Major advantage: Avoids ethical concerns of using embryos.
What are organoids and why are they important?
Organoids: 3D miniature versions of organs grown in vitro from stem cells.
Created from either:
iPSCs (induced pluripotent stem cells) or
ESCs (embryonic stem cells).
Advantages:
Model normal organ development.
Study diseases using patient-derived cells.
Maintain in culture for over a year.
Grown in 3D extracellular matrix scaffolds to support tissue-like structure.
How can organoids help investigate congenital birth defects?
Researchers create brain organoids from patient cells (e.g., microcephaly).
Allow observation of:
Developmental abnormalities.
How and when errors occur in brain formation.
How are cerebral organoids used to study brain development?
Cerebral organoids self-organize into:
Neuroepithelium (early brain tissue layer).
Apical-basal polarity (top-bottom organization) allows further brain structure formation.
Cultured in bioreactors to improve oxygen and nutrient flow.
Mimic early development of neural tube and neural stem cell niches.
Valuable for studying human brain diseases and development.
What specific findings were made in microcephaly research using organoids?
In microcephaly patient-derived organoids:
Radial glial cells (important stem cells) failed to divide properly.
Cause: Mutation in mitotic spindle proteins (affects accurate cell division).
Result: Reduced brain size (hallmark of microcephaly).
What are the future applications of iPSC technology in medicine?
Patient’s own cells can be:
Reprogrammed to iPSCs.
Genetically corrected (e.g., using CRISPR/Cas9).
Differentiated into healthy tissue and transplanted back into the patient.
Drug screening: Test patient-specific treatments on iPSC-derived tissues.
Goal: Personalized, autologous (self-derived) regenerative therapies without immune rejection.
What are the two main sources of pluripotent stem cells?
Blastocysts: Provide embryonic stem cells (from Inner Cell Mass).
Adult somatic cells: Can be reprogrammed into iPSCs.

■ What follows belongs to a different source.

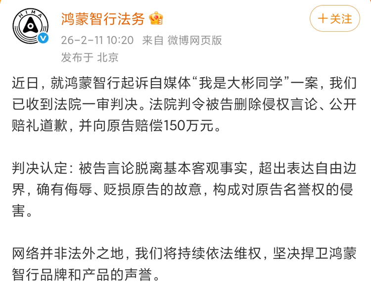 车家号·0浏览·2026-02-11 15:24 · 北京据鸿蒙智行法务发布,就鸿蒙智行起诉自媒体“我是大彬同学”一案,已经收到法院判决。鸿蒙智行法务透露,“法院判令被告删除侵权言论、公开赔礼道歉,并向原告赔偿150万元。判决认定:被告言论脱离基本客观事实,超出表达自由边界,确有侮辱、贬损原告的故意,构成对原告名誉权的侵害。”
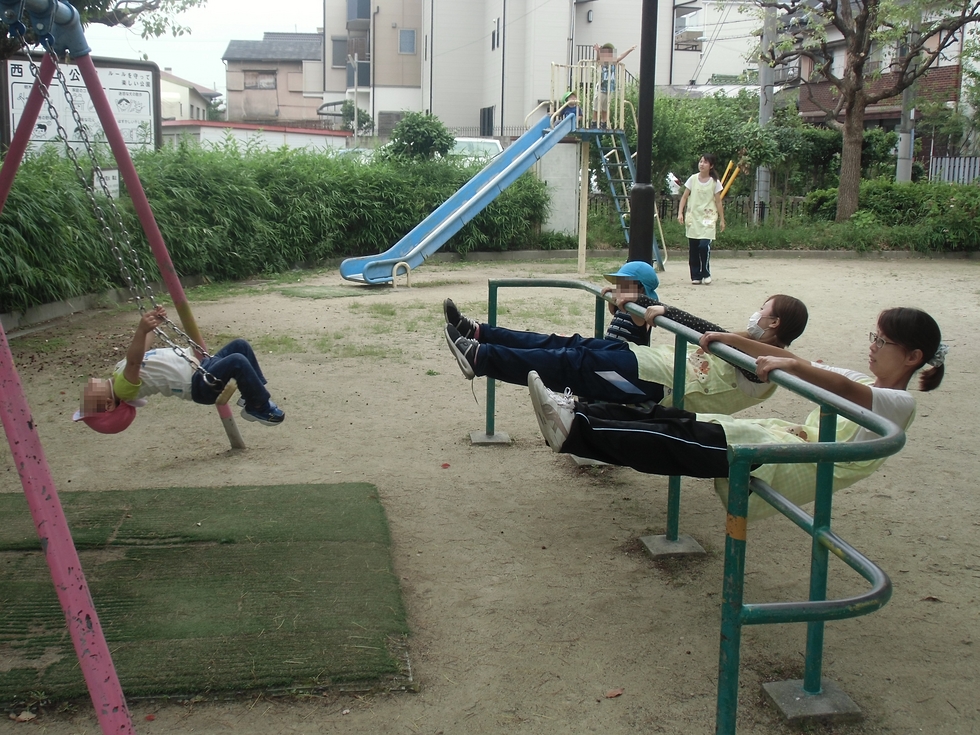 こっそりと撮った右下写真。何をしているのか、園長にもよくわかりませんが、、と、とにかく子天使ちゃんは嬉しそうでした(笑)。

Importance: Both sources can generate cells for studying development, disease, and therapy, but iPSCs avoid many ethical issues.
What concerns exist around commercial stem cell clinics?
Many unregulated clinics offer unproven stem cell treatments.
Only FDA-approved and TGA-approved stem cell therapy:
Hematopoietic Stem Cell Transplantation (for blood cancers, immune disorders).
Risks of unproven therapies:
Infection.
Allergic reactions.
Development of tumors (cancer).
Patients should be cautious and seek treatments only from verified clinical trials or approved centers.